INSTRUCTIONS TO FOLLOW - Word for word, restate the lines of the listing below from the line with "robuste Kunststoffwaage mit" through the line with "H13170 96102120 塑料阀门", and do not include the pictures.

EXCERPTED RECORDS -
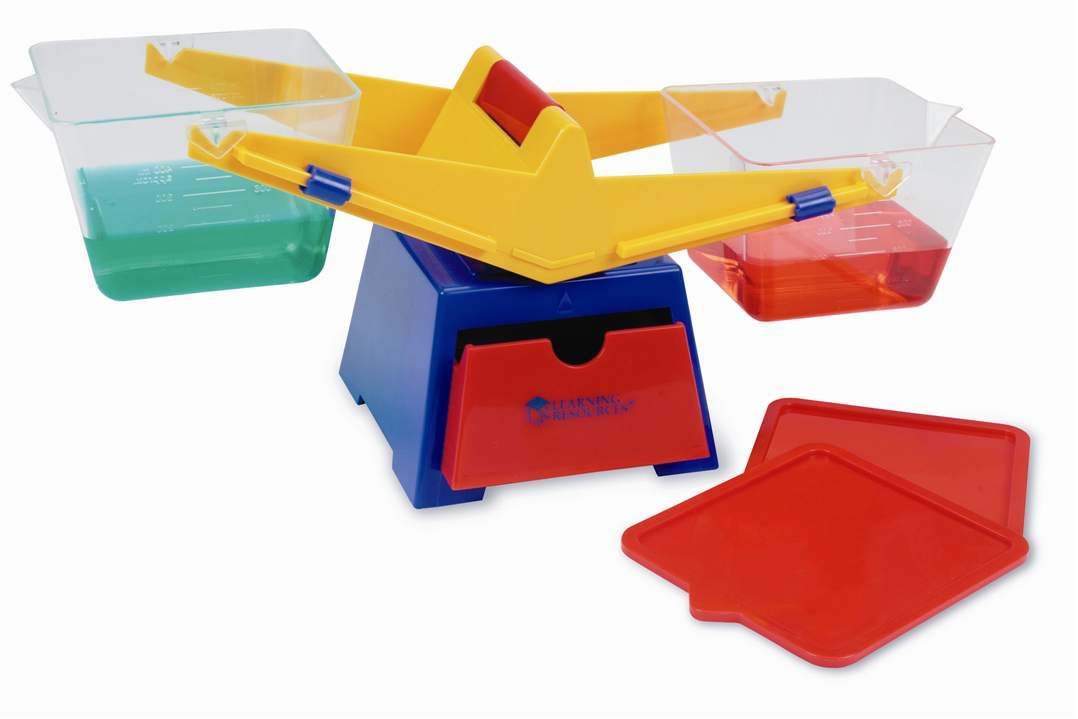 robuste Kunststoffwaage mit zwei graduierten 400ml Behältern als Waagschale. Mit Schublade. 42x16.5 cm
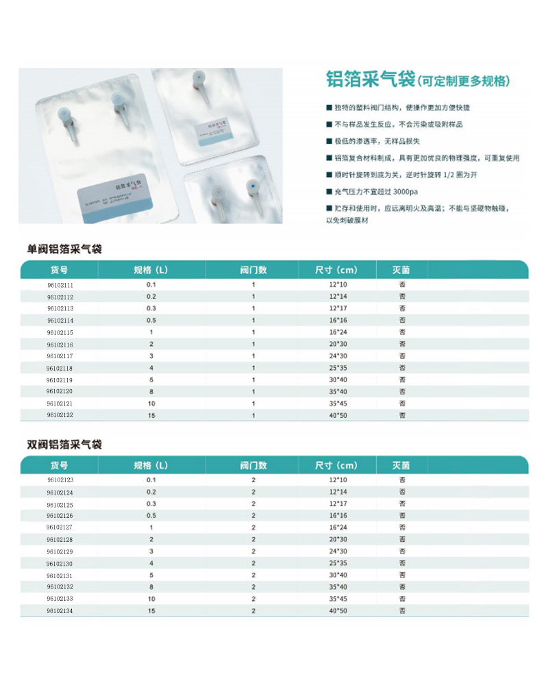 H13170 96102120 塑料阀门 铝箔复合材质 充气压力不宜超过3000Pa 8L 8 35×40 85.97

---

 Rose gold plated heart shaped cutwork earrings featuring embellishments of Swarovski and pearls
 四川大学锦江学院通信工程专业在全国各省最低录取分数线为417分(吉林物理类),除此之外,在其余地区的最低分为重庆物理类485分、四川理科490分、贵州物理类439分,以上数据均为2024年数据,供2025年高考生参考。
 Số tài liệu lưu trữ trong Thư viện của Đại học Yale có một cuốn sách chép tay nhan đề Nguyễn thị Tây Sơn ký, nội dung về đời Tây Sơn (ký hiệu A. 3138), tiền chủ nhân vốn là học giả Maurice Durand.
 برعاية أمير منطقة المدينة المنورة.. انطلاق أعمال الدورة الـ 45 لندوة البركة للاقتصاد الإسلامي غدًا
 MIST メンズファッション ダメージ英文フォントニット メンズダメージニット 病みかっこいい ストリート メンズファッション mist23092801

--

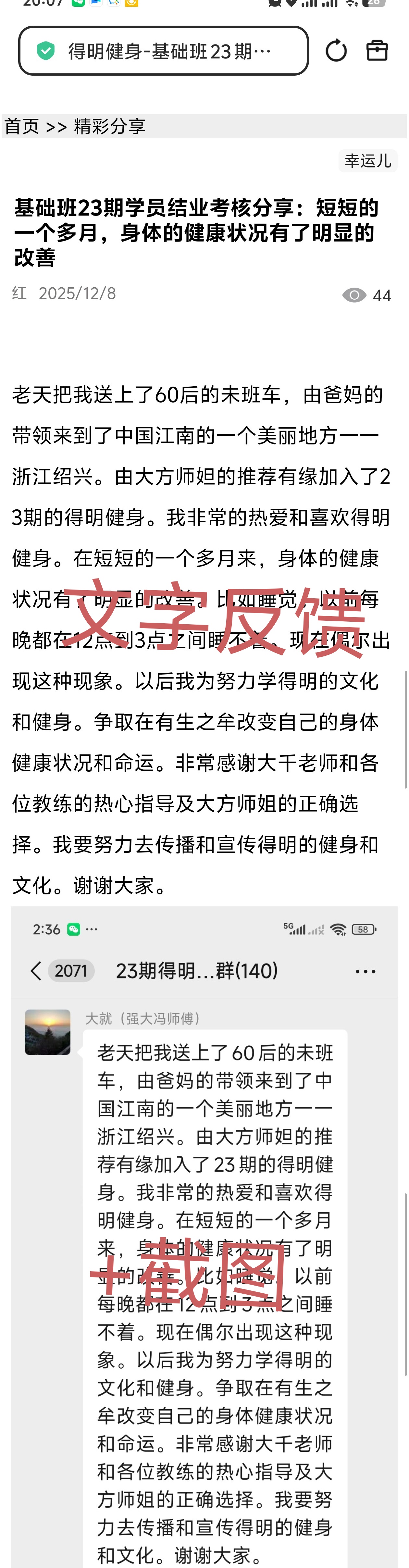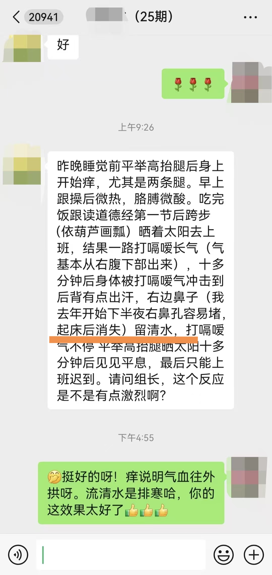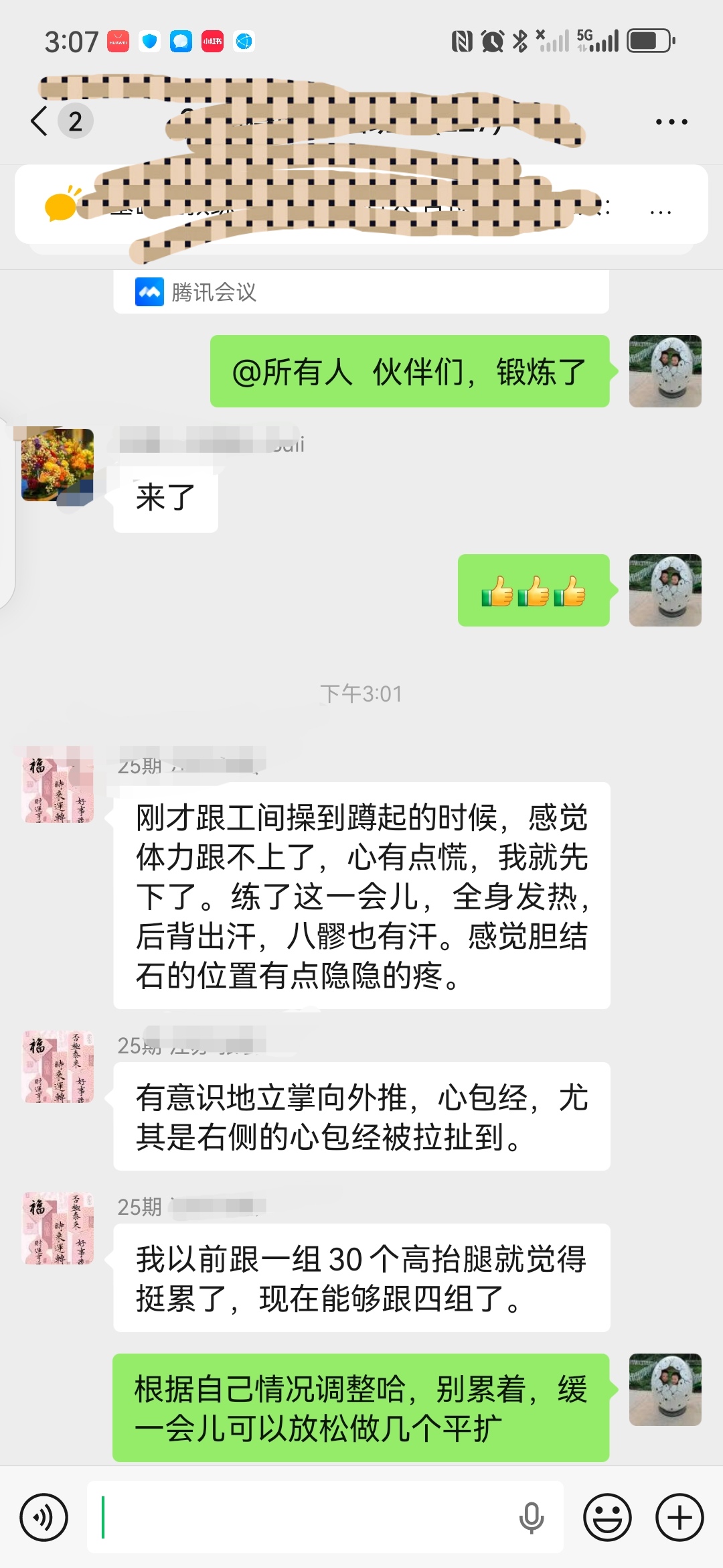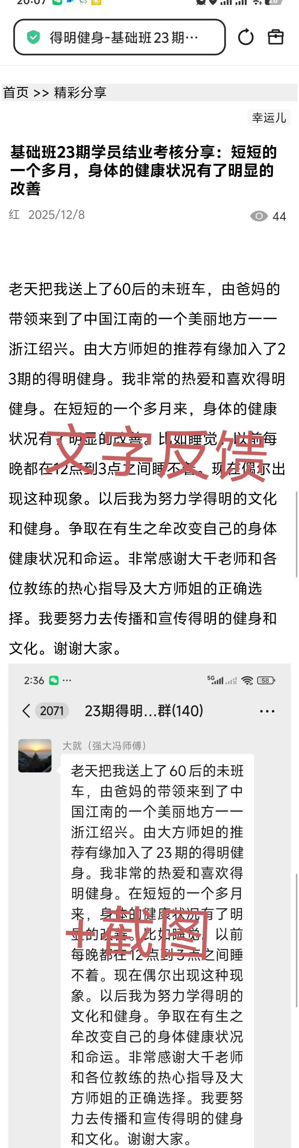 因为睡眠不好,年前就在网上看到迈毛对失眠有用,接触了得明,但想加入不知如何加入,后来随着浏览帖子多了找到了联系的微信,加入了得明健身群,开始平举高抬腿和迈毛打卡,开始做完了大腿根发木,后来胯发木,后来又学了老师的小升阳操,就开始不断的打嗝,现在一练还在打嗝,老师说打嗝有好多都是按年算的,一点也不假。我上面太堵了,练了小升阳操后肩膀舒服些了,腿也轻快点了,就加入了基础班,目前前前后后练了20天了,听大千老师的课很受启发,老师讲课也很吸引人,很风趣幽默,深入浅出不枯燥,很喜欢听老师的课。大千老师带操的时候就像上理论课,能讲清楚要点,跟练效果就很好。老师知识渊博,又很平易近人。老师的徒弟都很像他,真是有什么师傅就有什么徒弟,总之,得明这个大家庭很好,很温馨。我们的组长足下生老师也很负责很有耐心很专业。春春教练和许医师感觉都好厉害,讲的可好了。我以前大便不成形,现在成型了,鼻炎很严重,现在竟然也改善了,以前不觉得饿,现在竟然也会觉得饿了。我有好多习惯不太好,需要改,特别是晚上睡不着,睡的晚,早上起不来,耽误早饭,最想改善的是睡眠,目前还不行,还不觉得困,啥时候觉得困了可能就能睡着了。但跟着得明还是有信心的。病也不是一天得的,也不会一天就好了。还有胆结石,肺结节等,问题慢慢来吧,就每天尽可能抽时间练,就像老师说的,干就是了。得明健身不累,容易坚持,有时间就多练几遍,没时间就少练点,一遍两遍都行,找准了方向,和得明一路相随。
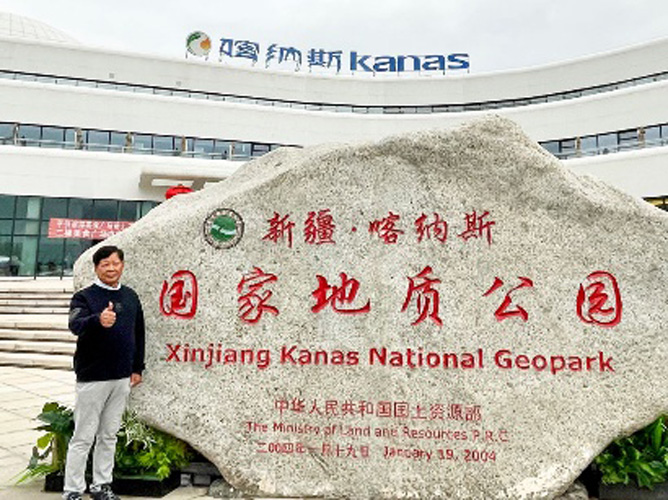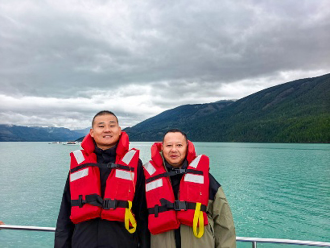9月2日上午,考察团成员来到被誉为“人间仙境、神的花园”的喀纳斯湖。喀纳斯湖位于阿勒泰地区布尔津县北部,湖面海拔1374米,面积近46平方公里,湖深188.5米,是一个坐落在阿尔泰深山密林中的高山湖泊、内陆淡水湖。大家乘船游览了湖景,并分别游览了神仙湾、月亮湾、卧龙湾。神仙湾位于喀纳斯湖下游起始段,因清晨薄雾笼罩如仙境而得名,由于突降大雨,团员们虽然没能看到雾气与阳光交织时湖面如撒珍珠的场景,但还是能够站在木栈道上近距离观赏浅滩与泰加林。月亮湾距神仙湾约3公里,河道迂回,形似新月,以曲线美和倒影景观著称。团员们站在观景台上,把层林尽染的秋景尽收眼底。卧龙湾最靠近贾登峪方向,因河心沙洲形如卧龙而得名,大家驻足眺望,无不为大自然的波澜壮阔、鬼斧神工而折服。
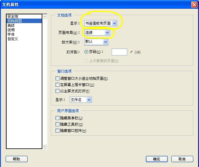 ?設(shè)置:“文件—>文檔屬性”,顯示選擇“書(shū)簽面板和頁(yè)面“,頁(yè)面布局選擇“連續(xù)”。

RESPONSE TO THE TASK -
 robuste Kunststoffwaage mit zwei graduierten 400ml Behältern als Waagschale. Mit Schublade. 42x16.5 cm
 H13170 96102120 塑料阀门 铝箔复合材质 充气压力不宜超过3000Pa 8L 8 35×40 85.97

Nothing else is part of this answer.